Faculty member & Ph.D. candidate receive Best Paper Award at IEEE 24th IRI Conference

Dr. Yan Huang (left) & Somayeh Ghanbarzadeh (right) receive the Best Paper Award at the IEEE 24th International Conference on Information Reuse and Integration for Data Science. Somayeh is pictured with IEEE at the award acceptance.

Dr. Yan Huang, CSE Faculty, and Somayeh Ghanbarzadeh, CSE Ph.D. candidate, among others, recently received the Best Paper Award for their collaborative research entitled "Improving the Reusability of Pre-trained Language Models in Real-world Applications." Somayeh accepted the award at the 24th IRI Conference on August 4th-6th hosted by The Institute of Electrical and Electronics Engineers (IEEE). 

The conference serves as a forum for researchers and practitioners from academia, industry, and government to present, discuss, and exchange ideas that address real-world problems with real-world solutions. Theoretical and applied papers are both included. 

This conference explores three major tracks: information reuseinformation integration, and reusable systemsInformation reuse explores the theory and practice of optimizing representations; information integration focuses on innovative strategies and algorithms for unifying diverse information in novel domains; and reusable systems focus on developing and deploying models and corresponding processes that enable Information Reuse and Integration to play a pivotal role in enhancing decision-making processes in various application domains.

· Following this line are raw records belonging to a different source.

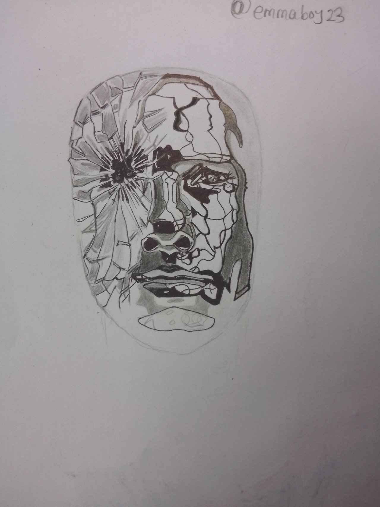 Once I completed the outline, I started drawing random fracture lines across the left side of the face, allowing them to flow naturally, like veins spreading from a point of impact. To achieve the “shattered explosion” around the left eye, I used short, sharp strokes radiating outward, giving the illusion of broken glass bursting from that point.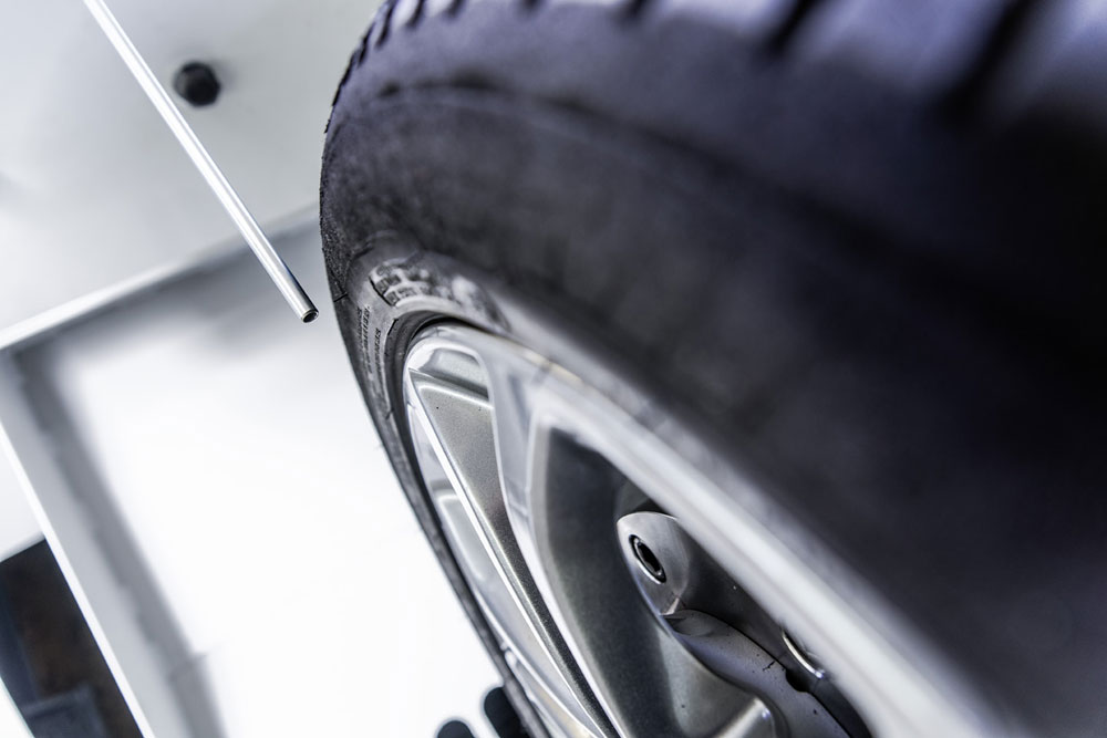 The real radial, tangential and lateral forces occurring are simulated by adjusting the skew and camber during rolling. The test loads are applied on the wheel through an air-filled tire that rests on the load roller. The load spectrums are specified by the automotive industry and test institutes. One or two individually loadable stations are installed on the load roller. The load roller is arranged upright.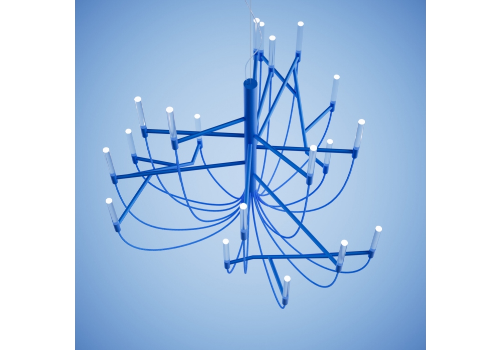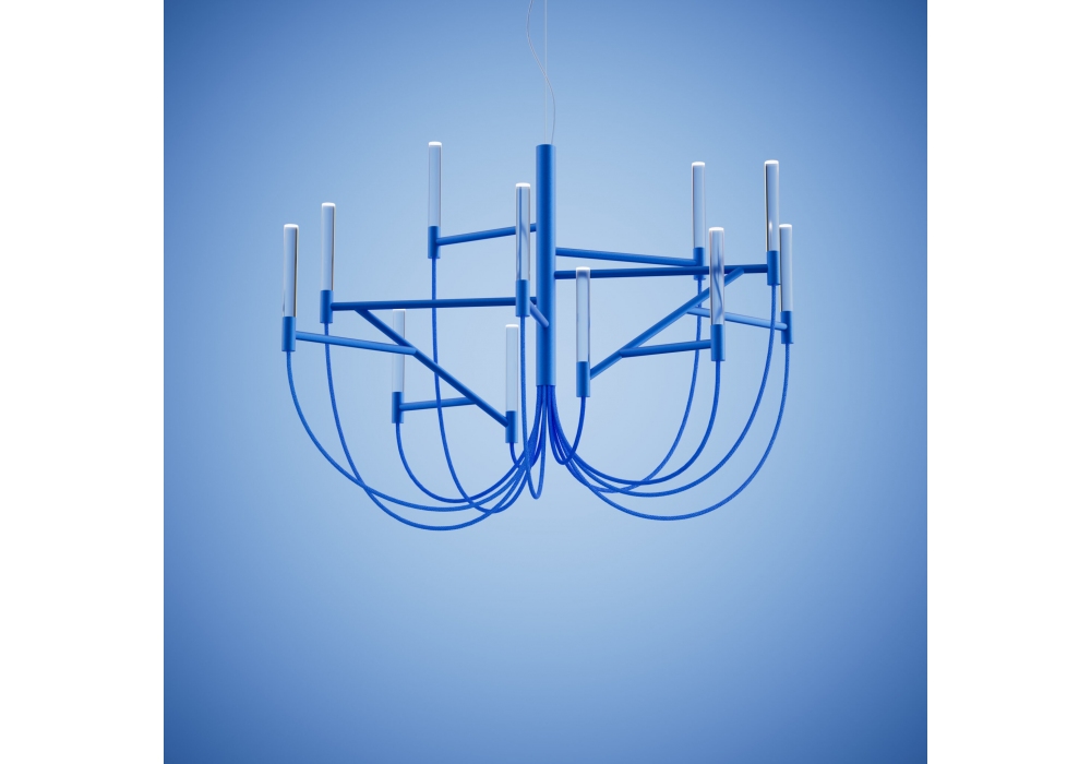 Allumette firmata da Franesca Lanzavecchia per Foscarini è una lampada a sospensione ispirata ai classici chandelier, presenta una struttura in metallo che si mescola con la morbidezza dei cavi tessili donando una forma quasi sculturea e asimmetrica.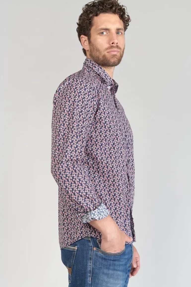 Cette Chemise Floy Bleu Marine Vous Donnera Un Look Raffine Et Elegant Avec Son Motif A Petites Fleurs Rouges, Ses Boutons Nacres Noirs Et Ses Revers Aux Poignets Avec Lisere Personnalise « Le Temps Des Cerises » Et Empiecement Contrastant.Pour Le Detail Final, Un Mini Lisere Drapeau Bleu, Blanc, Rouge Dans Le Dos.

The abstract of the award-winning paper is as follows: The reusability of state-of-the-art Pre-trained Language Models (PLMs) is often limited by their generalization problem, where their performance drastically decreases when evaluated on examples that differ from the training dataset, known as Out-of-Distribution (OOD)/unseen examples. This limitation arises from PLMs' reliance on spurious correlations, which work well for frequent example types but not for general examples. To address this issue, we propose a training approach called Mask-tuning, which integrates Masked Language Modeling (MLM) training objectives into the fine-tuning process to enhance PLMs' generalization. Comprehensive experiments demonstrate that Mask-tuning surpasses current state-of-the-art techniques and enhances PLMs' generalization on OOD datasets while improving their performance on in-distribution datasets. The findings suggest that Mask-tuning improves the reusability of PLMs on unseen data, making them more practical and effective for real-world applications.

The contributing team consists of Somayeh Ghanbarzadeh, Yan Huang, Hamid Palangi, Radames Cruz Moreno, and Hamed Khanpour. The UNT Dept. of Computer Science & Engineering extends their congratulations to everyone on team for their hard work & endeavors.